## DESCRIPTION OF THE TASK
Among the entries that follow, some lines contain the word "white". Show all of them.

======== GIVEN INFORMATION ========

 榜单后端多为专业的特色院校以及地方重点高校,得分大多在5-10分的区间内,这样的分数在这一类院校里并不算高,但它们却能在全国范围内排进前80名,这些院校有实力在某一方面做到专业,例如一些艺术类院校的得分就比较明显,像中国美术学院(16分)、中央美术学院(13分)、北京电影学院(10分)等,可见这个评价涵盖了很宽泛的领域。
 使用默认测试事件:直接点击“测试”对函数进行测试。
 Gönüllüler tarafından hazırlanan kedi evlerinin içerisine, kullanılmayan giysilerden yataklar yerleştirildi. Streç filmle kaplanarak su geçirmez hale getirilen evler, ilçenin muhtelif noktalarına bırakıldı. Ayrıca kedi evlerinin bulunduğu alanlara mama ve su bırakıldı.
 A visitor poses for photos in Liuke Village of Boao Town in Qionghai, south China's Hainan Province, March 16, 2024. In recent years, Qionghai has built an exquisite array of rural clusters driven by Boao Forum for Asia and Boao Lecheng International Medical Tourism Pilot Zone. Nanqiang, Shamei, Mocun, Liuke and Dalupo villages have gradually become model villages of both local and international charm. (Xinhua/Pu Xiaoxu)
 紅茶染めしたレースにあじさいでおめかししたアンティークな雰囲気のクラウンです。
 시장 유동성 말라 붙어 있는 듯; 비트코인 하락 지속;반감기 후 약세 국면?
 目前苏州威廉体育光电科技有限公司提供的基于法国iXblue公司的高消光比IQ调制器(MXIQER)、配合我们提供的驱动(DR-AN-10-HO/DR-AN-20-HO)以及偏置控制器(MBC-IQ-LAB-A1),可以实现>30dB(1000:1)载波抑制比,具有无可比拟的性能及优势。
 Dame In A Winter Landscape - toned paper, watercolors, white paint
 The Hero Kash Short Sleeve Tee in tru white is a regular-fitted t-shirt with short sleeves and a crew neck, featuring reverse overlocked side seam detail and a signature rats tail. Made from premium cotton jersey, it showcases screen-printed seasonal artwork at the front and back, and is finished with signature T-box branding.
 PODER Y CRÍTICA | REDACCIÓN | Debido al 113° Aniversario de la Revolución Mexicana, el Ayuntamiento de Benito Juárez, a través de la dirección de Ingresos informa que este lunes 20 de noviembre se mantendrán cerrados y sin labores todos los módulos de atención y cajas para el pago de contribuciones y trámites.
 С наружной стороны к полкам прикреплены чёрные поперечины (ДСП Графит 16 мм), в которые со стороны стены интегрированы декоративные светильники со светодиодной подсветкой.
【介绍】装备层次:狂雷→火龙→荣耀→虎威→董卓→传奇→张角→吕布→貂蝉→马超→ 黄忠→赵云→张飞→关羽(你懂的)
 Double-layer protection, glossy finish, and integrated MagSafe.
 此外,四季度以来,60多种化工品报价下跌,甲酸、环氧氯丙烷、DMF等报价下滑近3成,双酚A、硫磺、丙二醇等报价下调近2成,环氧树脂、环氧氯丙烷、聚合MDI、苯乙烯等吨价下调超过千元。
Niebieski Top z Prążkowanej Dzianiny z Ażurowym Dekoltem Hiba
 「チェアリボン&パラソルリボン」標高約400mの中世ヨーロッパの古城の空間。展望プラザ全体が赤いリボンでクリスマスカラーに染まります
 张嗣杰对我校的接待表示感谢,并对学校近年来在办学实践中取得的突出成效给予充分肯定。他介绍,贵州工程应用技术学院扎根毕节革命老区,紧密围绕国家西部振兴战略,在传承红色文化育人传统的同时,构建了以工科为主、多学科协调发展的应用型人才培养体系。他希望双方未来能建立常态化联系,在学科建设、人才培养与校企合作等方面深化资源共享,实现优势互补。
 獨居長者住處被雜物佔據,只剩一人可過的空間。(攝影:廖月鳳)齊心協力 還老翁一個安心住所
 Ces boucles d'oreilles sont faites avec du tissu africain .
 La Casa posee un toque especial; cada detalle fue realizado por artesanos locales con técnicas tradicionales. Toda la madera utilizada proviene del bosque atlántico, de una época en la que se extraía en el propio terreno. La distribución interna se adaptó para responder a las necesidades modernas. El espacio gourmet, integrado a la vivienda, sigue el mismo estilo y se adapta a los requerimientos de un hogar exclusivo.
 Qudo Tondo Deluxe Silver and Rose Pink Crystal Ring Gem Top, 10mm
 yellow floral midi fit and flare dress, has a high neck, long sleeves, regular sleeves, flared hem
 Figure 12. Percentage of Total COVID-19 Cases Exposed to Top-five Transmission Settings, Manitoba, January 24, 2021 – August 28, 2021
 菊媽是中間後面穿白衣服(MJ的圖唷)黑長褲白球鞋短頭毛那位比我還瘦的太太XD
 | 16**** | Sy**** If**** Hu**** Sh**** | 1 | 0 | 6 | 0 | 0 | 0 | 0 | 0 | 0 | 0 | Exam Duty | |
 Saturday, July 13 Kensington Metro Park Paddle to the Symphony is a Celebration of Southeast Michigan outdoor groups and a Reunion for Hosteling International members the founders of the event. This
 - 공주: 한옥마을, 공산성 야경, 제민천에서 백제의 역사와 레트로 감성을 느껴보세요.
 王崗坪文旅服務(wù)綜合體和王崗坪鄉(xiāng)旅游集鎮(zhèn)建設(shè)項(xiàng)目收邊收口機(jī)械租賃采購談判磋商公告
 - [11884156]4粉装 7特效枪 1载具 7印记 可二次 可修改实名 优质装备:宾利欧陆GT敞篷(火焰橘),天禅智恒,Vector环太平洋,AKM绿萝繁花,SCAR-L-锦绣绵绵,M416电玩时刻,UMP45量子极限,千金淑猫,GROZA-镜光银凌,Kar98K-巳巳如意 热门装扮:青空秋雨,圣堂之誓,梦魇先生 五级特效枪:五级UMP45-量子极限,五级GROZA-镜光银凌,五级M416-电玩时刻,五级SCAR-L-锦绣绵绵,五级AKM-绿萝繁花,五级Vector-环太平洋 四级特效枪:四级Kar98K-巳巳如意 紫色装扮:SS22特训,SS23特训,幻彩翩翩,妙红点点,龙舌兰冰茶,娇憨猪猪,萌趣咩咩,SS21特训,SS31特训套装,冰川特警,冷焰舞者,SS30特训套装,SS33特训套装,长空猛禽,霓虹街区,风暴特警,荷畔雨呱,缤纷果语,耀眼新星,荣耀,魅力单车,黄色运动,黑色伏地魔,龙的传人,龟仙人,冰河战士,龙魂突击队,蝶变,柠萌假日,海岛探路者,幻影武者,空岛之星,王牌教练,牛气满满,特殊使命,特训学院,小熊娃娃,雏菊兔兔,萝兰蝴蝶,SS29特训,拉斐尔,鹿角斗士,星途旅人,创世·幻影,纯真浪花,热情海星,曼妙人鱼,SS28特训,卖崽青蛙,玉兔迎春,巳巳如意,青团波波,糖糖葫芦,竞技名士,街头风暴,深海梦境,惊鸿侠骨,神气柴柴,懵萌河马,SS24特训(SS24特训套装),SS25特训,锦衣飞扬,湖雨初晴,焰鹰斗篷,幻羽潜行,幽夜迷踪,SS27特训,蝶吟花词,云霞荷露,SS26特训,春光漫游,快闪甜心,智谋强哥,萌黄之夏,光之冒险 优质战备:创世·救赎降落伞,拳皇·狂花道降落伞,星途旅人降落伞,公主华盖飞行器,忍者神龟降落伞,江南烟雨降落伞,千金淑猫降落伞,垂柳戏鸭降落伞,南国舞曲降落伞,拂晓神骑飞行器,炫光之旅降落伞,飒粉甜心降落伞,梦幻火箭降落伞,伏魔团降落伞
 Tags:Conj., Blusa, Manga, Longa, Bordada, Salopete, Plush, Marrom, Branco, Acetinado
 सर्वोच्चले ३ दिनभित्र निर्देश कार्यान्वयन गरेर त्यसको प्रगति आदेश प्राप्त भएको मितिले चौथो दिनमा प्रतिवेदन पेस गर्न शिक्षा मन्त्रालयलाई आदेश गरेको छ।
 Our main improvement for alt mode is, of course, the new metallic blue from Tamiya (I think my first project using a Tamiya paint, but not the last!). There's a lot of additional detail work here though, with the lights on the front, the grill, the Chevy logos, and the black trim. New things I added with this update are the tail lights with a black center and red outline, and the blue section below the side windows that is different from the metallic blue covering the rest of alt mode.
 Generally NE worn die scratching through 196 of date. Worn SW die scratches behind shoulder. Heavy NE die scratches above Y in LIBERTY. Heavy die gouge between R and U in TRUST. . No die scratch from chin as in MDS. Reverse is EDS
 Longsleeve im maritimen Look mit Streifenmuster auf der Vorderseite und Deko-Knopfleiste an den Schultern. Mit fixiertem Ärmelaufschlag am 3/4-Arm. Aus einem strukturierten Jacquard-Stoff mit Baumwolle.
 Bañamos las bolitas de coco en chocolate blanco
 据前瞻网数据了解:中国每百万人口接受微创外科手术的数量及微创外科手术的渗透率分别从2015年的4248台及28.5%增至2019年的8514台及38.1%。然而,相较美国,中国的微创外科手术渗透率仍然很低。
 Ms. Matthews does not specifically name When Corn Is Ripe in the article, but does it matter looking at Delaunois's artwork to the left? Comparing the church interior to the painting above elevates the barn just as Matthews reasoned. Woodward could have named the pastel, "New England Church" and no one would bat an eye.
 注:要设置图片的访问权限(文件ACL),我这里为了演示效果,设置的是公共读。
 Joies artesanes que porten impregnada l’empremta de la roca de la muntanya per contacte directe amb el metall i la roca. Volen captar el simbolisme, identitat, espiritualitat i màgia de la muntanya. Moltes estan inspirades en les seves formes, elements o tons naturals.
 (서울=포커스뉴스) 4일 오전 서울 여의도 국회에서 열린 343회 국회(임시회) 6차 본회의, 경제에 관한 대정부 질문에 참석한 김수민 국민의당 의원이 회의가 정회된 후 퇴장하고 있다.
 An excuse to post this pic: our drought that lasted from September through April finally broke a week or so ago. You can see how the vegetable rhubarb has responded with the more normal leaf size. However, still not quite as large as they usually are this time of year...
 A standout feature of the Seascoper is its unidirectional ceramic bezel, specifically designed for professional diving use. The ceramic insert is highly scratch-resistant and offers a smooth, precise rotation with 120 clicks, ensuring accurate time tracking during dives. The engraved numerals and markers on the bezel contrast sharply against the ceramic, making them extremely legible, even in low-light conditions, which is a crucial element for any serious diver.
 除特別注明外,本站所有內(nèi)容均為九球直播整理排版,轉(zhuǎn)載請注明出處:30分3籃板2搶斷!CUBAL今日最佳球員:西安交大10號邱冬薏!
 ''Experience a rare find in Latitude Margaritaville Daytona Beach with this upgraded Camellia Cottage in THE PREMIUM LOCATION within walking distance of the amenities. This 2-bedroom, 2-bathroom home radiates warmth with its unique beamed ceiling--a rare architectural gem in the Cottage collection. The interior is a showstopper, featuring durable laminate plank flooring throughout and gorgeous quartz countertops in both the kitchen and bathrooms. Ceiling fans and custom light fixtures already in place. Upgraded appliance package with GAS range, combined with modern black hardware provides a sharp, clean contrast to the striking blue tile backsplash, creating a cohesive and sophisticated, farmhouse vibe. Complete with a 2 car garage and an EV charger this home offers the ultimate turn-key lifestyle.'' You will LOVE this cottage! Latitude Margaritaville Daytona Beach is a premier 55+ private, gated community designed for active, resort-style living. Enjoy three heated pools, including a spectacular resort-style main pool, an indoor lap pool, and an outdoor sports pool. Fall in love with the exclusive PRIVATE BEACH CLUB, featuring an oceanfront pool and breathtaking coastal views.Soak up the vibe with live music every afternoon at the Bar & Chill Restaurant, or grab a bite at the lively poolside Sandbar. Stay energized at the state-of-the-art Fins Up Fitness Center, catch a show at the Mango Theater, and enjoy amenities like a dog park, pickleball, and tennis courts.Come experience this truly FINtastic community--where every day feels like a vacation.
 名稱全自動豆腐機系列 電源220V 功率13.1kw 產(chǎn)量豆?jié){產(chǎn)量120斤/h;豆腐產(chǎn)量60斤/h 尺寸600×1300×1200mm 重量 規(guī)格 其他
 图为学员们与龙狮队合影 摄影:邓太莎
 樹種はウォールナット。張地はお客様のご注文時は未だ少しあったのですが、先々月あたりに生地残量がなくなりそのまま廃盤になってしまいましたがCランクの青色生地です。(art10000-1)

========

## ANSWER SPACE
 Dame In A Winter Landscape - toned paper, watercolors, white paint
 The Hero Kash Short Sleeve Tee in tru white is a regular-fitted t-shirt with short sleeves and a crew neck, featuring reverse overlocked side seam detail and a signature rats tail. Made from premium cotton jersey, it showcases screen-printed seasonal artwork at the front and back, and is finished with signature T-box branding.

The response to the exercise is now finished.